Opinion
January 24, 1991
Appeal from the Supreme Court, Bronx County (George Covington, J.).
On the morning of December 5, 1988, after speaking to a woman who described defendant's vehicle, police officers stopped a Jeep matching the description and asked defendant to get out with his hands up. As defendant alighted, Police Officer Panico observed a holster on defendant's waistband and removed a loaded revolver.
Officer Panico testified at trial that when he first saw defendant's Jeep, it was unoccupied. In testifying before the Grand Jury, Panico failed to state that the Jeep was unoccupied when he first saw it. Since Panico's Grand Jury statements merely omitted facts concerning which Panico had not been specifically questioned, the court correctly held that those statements did not constitute prior inconsistent statements which counsel could use at trial for impeachment purposes (People v Bornholdt, 33 N.Y.2d 75, 88, cert denied sub nom. Victory v New York, 416 U.S. 905).

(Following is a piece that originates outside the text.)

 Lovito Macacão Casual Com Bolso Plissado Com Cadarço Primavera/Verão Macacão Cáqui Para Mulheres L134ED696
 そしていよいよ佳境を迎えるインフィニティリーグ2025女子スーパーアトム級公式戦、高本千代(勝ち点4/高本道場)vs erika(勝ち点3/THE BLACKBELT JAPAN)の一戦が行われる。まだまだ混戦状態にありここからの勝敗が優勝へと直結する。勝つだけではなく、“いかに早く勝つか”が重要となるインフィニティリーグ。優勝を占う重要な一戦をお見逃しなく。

The police stopped defendant on the basis of information supplied by a woman that defendant had been impersonating a police officer, pointing a gun at women, picking them up, and raping them. The police officers' conversation with the woman was properly admitted as necessary background information, and the court's extensive cautionary instructions eliminated any possibility that defendant would be prejudiced (People v Fay, 85 A.D.2d 512, appeal withdrawn 56 N.Y.2d 593).

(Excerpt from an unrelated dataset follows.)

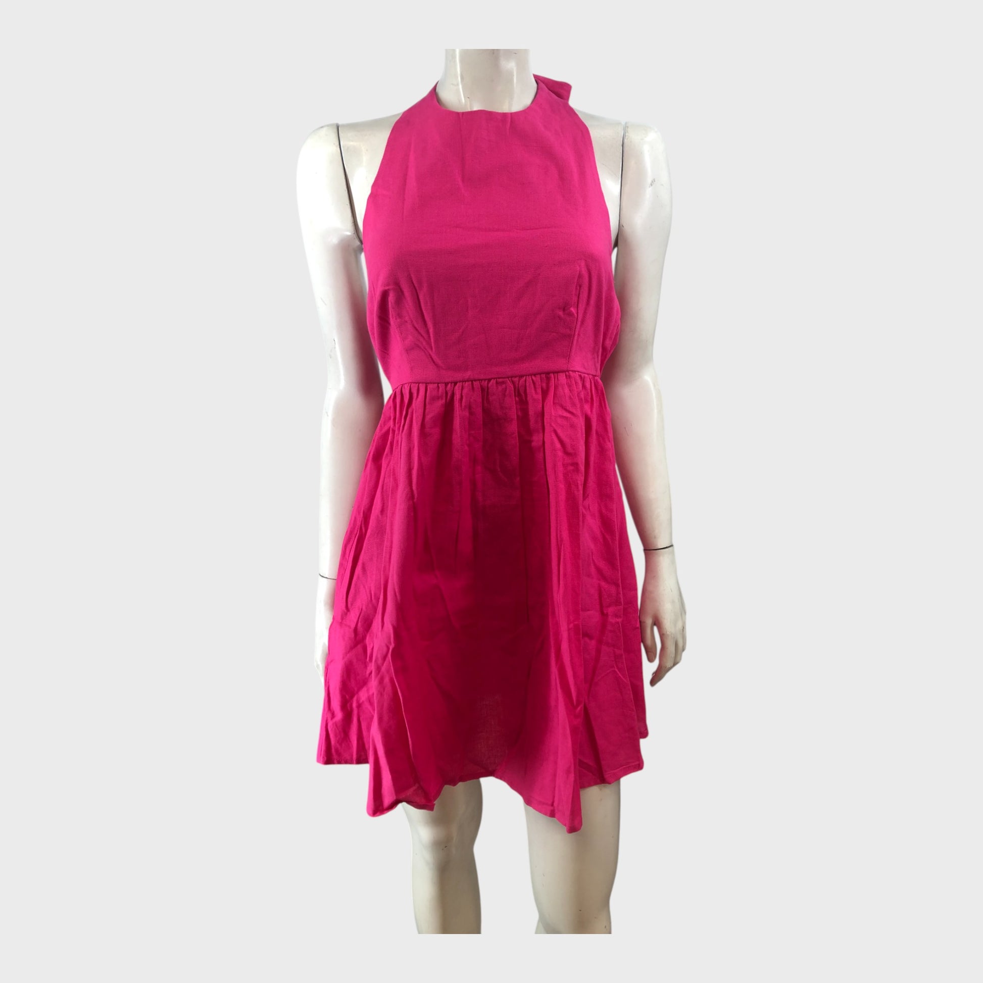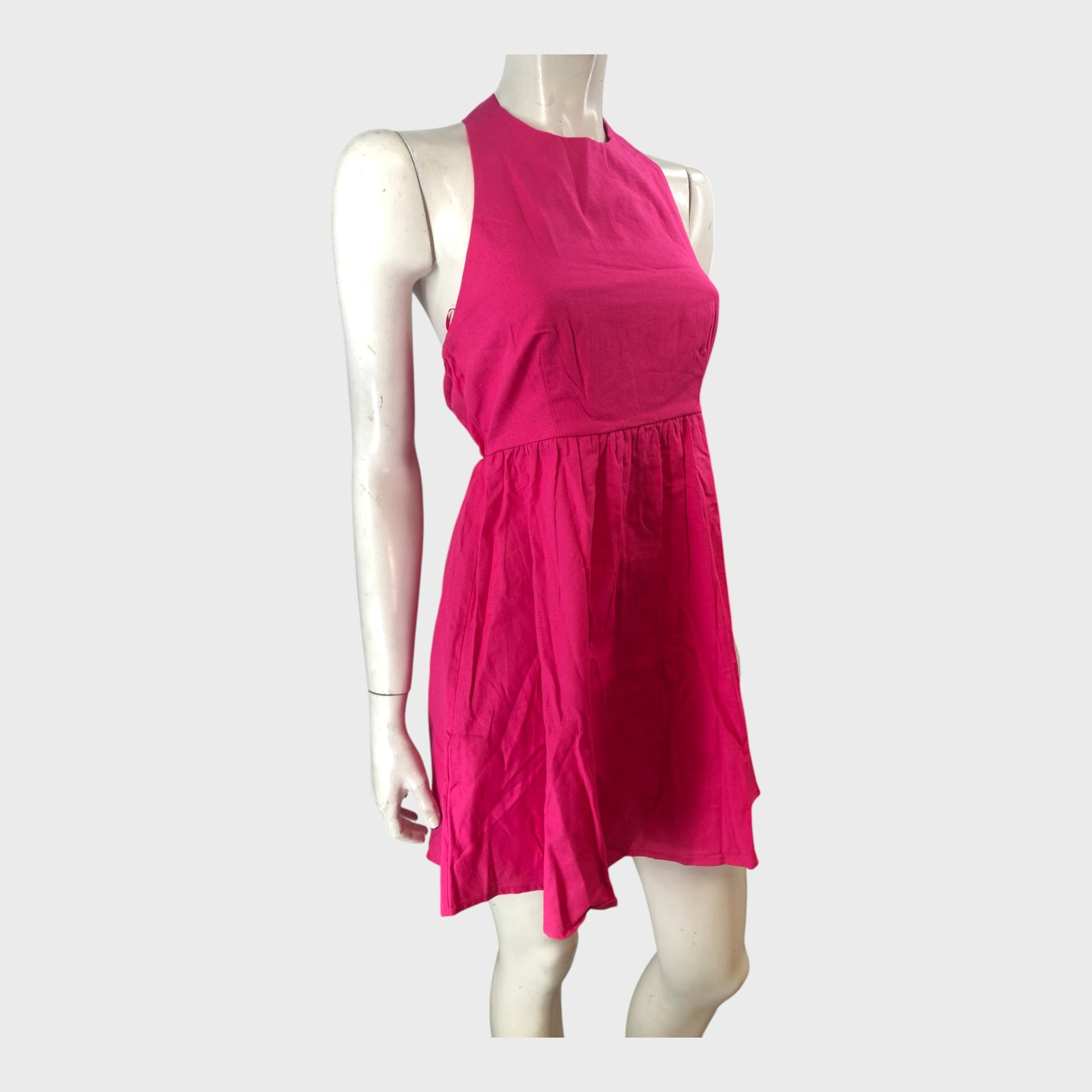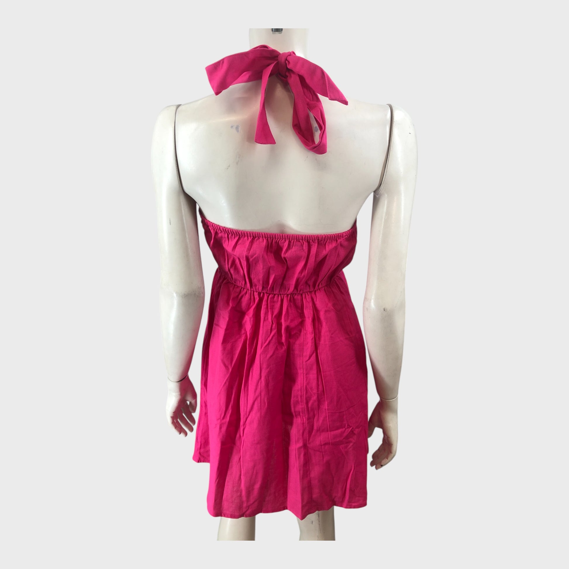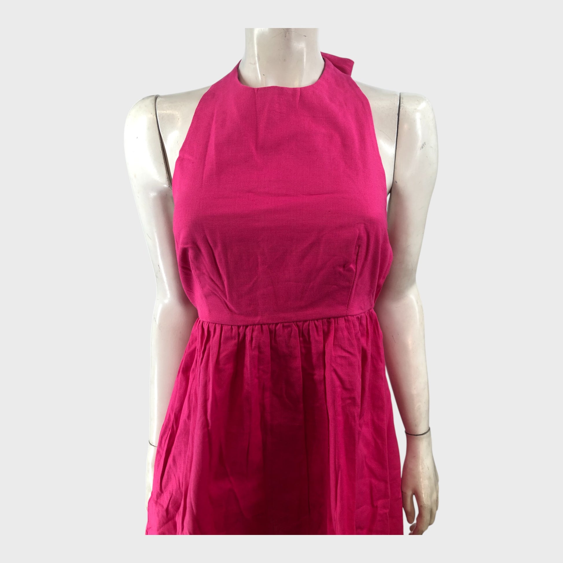 Made from linen, this halter neck dress boasts a sleeveless design with a tie fastening and is a mini length.

Officer Panico testified that the woman gave him a piece of sandwich bag paper containing a license plate number and vehicle description. Since counsel never raised any Rosario argument regarding the destruction of this paper, defendant's claim that the court committed reversible error in failing to impose a sanction is unpreserved for appellate review (People v Baez, 155 A.D.2d 256). Furthermore, by failing to request any sanction at trial for the prosecutor's late delivery of an internal affairs police report, this issue is also unpreserved (People v Davis, 160 A.D.2d 664).
Finally, defendant's request for a missing witness charge regarding the prosecutor's failure to call a police officer who had remained in the back seat of the patrol car during defendant's arrest was properly refused since defendant failed to meet his initial burden of establishing the witness was knowledgeable about a material issue in the case (People v Erts, 73 N.Y.2d 872, 874).
Concur — Sullivan, J.P., Milonas, Rosenberger, Ross and Smith, JJ.